I just had to share, especially considering the curiously appropriate wrong answer my kid got on this one. I’m 37, I have an English degree and a law degree, and it took me some puzzling to figure out what they were after.
According to my 7yo, this assignment was given without any discussion of interesting or detailed word choice in writing, either as an instruction for the homework or generally in class. Ironically, if the drafters of the worksheet had used a more detailed word than “best” in the instructions, it would have been much clearer!
This is the same teacher who last semester sent home a homework assignment that had to be done midweek: “Use this recipe to make gingerbread men!” I’m sure all the double-income households appreciated it even more than I did. And the recipe sucked - it had something like 25% the normal butter-and-sugar to flour ratio of standard recipes, and didn’t have an oven temperature or baking time.
Generally I think this teacher is pretty good, but she doesn’t have a great eye for detail, and it sometimes results in some consternation at home!
Got any good dumb assignments from your kids’ (or your) school?
In defense of teachers; some use them because they are lazy, but I think (based on watching my mom, aunt and several cousins teach) often a teacher will buy a theme package of material or inherit one from a previous teacher and not notice the really crappy components because most of the theme is decently put together.
It takes years for the good teachers to put together (usually) monthly themes or learning modules that manage to teach the lesson and be good/interesting at the same time.
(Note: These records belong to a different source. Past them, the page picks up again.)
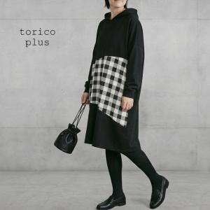 パーカー チュニック ワンピース ゆったり 長袖 大きいサイズ カットソー トップス チュニックワンピ 配色 プルオーバー レディース フード 黒×チェック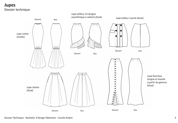 Dessins Techniques à plat (Devant / Dos) pour chaque modèle.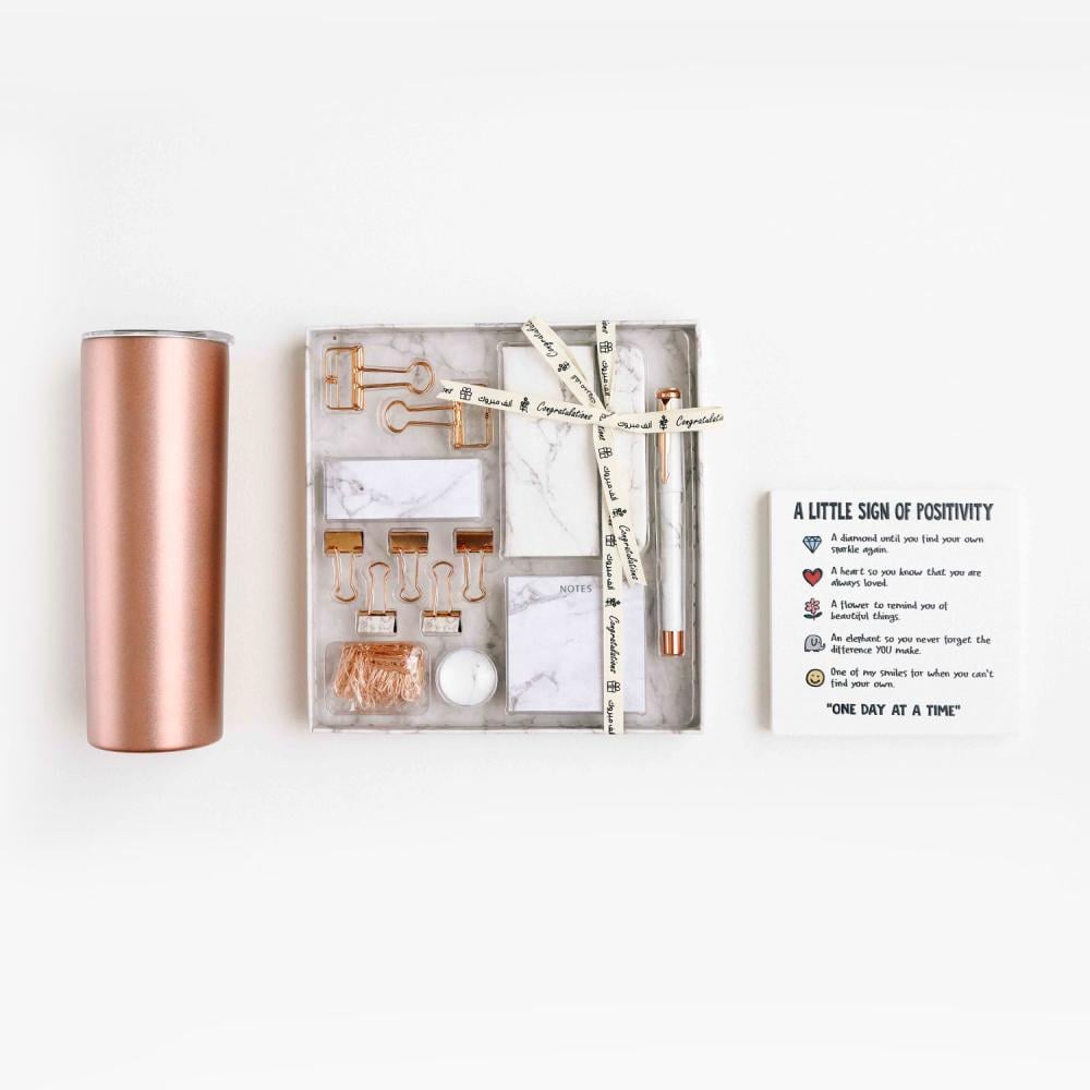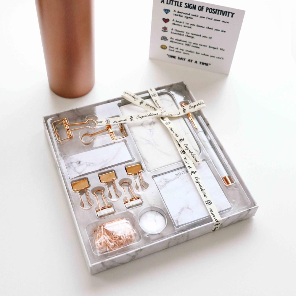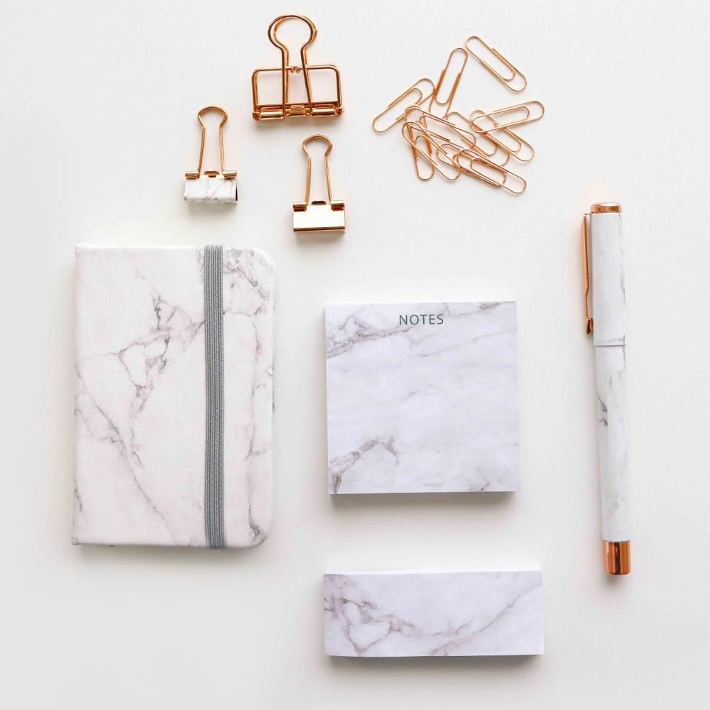 - مجموعة قرطاسية ماربل تتضمن: قلم، أوراق ملاحظات، مشابك، دفتر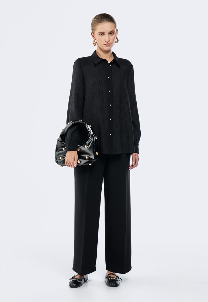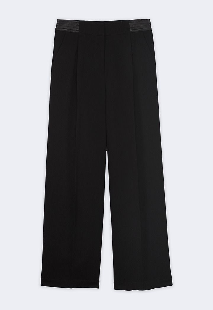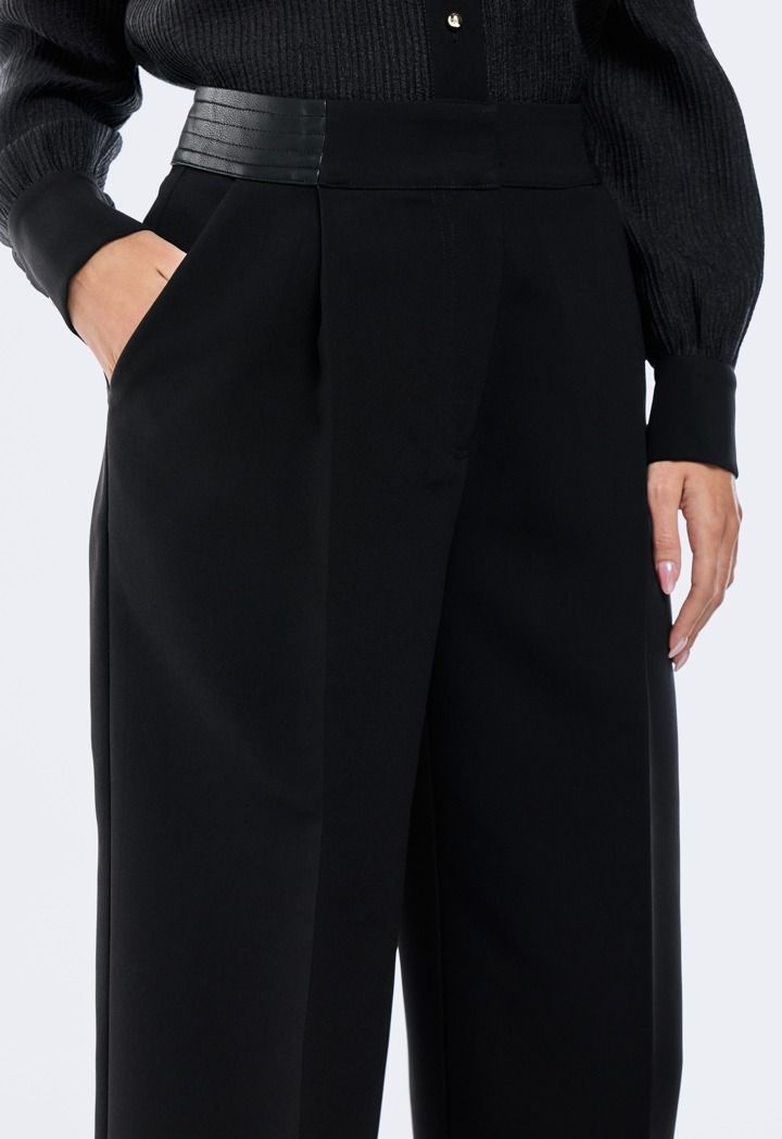 Step into bold elegance with our Pleated Waist PU Leather Trim Trousers, where chic meets comfort.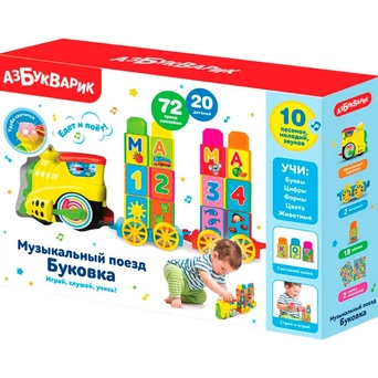 Комплектация: музыкальный паровозик, 2 вагончика, 18 кубиков и 72 яркие наклейкиМатериал: пластик, бумага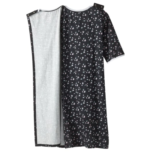 Senior Women’s Open Back Printed Nightgown is ideal for assisted dressing. This nightgown features a discrete and generous back overlap for additional coverage with snap closure at each shoulder for caregivers to easily secure this handicap garment.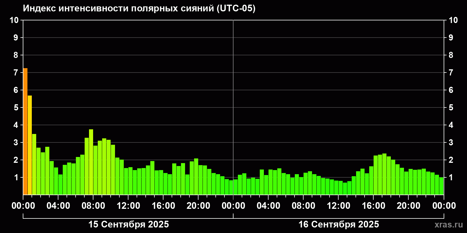 Изменения индекса интенсивности полярных сияний с 2025-09-15 по 2025-09-16 по местному времени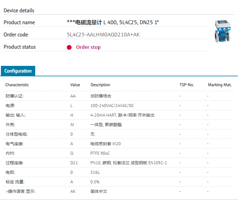 5L4C25-AALHM0AQD210A+AK 订货号 5L4C25-13F6/0 扩展订货号 (5L4C25-AALHM0AQD210A+AK) 名称 ***电磁流量计 L 400, 5L4C25, DN25 1" 基本描述 Electromagnetic flowmeter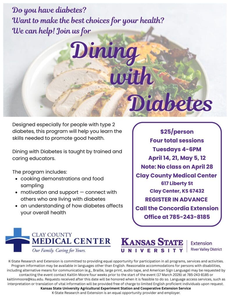 The River Valley Extension District will hold a four-part program designed for people with type 2 diabetes titled ‘Dining with Diabetes.’ Sessions will be held at Clay County Medical Center in Clay Center on Tuesdays, April 14th, 21st, and May 5th, 12th, from 4:00 to 6:00 p.m.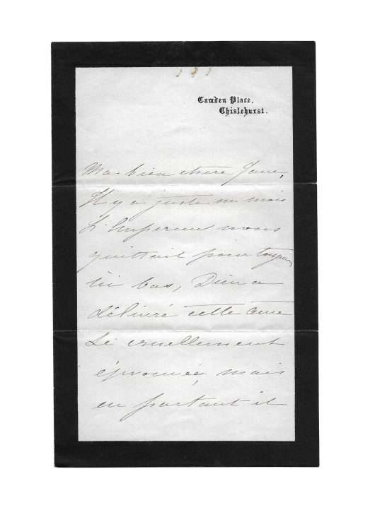 [Camden Place, Chislehurst] 13th January [1875], 8 pp. in-8°, mourning paper

My mom literally has an entire room in her basement full of theme boxes after 30 years of teaching K-2, and she still occasionally finds completely moronic worksheets purchased from teacher supply stores that she never noticed before. It’s just a heck of a lot of material to prepare, in addition to classroom decorating, parent-teacher conferences, extra-curricular supervising, report card writing (my mom’s school board seems to change formats every 3 years), etc. Also, she can’t draw worth crap - no way she’s making her own!
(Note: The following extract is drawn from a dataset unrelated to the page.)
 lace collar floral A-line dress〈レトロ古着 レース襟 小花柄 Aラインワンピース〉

A good teacher will get these back, realize how bad an exercise it was, laugh at the responses and never use it again. A great teacher will find a way to turn it into a teaching moment for the class, or edit the original question into something that makes sense for future years.
yeah I would second that. I have tried to put together these sorts of worksheets - and what takes the kids 10 minutes to finish takes 2-3 hours to design etc.
My kid gets these all the time, also usually without helpful instruction. I figured it was due to South Carolina’s unwavering dedication to quality public education, but I can see now that we aren’t the only fortunate ones.
I’m going to skip the admittedly hilarious FAILL BUS and address this. I hate these assignments. I hate them with the heat of a thousand burning suns. If you want to assign my kid homework, fine. Assign my KID homework. Do not assign ME homework. I went to grade school once already and am not interested in doing so again. Additionally, I get plenty of “family together time” with my kids and do not need stupid assignments from the school that are clearly designed to get parents and kids to do some project together. In my opinion, if the assignment requires any more input or assistance from the parent than buying supplies or helping with questions about stuff the kid doesn’t understand, it’s well into “Parent Assignment” territory, and I don’t appreciate it.